Seven hours after he forced his way into the embassy, the attacker was escorted out of the embassy late Tuesday and taken into an Israeli ambulance. Wearing a light blue shirt and limping slightly from an apparent gunshot wound, he raised his arms briefly and shouted before Israeli police and paramedics subdued him.
Channel 2 TV played a recording of a phone call it said came from the attacker. “I have two hostages,” he said in Hebrew. “I will blow up the embassy. If they don’t let me leave this country now I will burn down the whole building. I will burn everything. I will burn the cars, the doors I will break down the doors. I will break everything.”
Late Tuesday, the Turkish government said it had the situation in hand. “Our embassy guards neutralized the individual as he tried to take the vice consul as hostage after shouting around for asylum,” a Turkish statement said, adding that the man was armed with a knife, a gasoline can and a gun that turned out to be a toy.
Injaz said he admired Turkish Prime Minister Recep Tayyip Erdogan. “I love him and I respect him,” he said. The Turkish leader “should give me political asylum against these murderers the Zionists, the murdering Jews,” he added, linking the incident indirectly to recent tensions between Israel and Turkey.
Injaz’s lawyer, Avital Horev, said his client was a former member of Israel’s Shin Bet domestic security agency.
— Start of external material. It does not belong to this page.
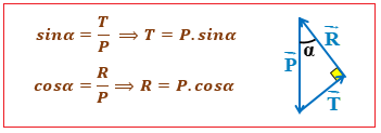 \[\text{sin α } = \frac{T}{P} \implies T = P.\text{sin α }\]

Horev said Injaz was also wanted by the Palestinian authorities.
Medical sources said he had been shot in the leg and sustained light wounds, after which he was taken to Tel Aviv’s Ichilov hospital. “I saw my client in the hospital during the night,” Horev told public radio. “During the 1990s and the early part of this decade, he stopped Palestinian attacks, saving many lives of both soldiers and Israeli citizens, but the Shin Bet, from whom he asked for protection, refused to recognize their responsibility towards him,” he said.
However, Shin Bet denied having anything to do with Injaz. “Nadim Injaz never worked for us and his case is being dealt with by the police,” a Shin Bet spokesman told AFP.
The failed attempt to seek asylum arose from a threat that would be posed on Injaz’s life if he were to return to the Palestinian territories, his lawyer claimed. “The Palestinian Authority has signed a death warrant against Nadim Injaz,” said Horev. Horev also claimed that his client had been released from an Israeli jail only three weeks ago after serving time for theft and staying in Israel illegally. Palestinian security officials contacted by AFP denied knowing anyone of that name from Ramallah.
Israel-Turkey relations have been strained over the May 31 Israeli attack on an international flotilla that was trying to break Israel’s blockade of the Gaza Strip. The raid killed eight Turks and one American citizen of Turkish descent who were among hundreds of pro-Palestinian activists on board boats carrying aid. Many Palestinians have expressed support for Turkey in the aftermath.
In London, the British Foreign Office confirmed in a statement that the attacker was the same one involved in the 2006 British Embassy incident. Around the time of the first attack, police said Injaz was an informant and a criminal with a record of property and drug offenses who had run into financial and legal troubles.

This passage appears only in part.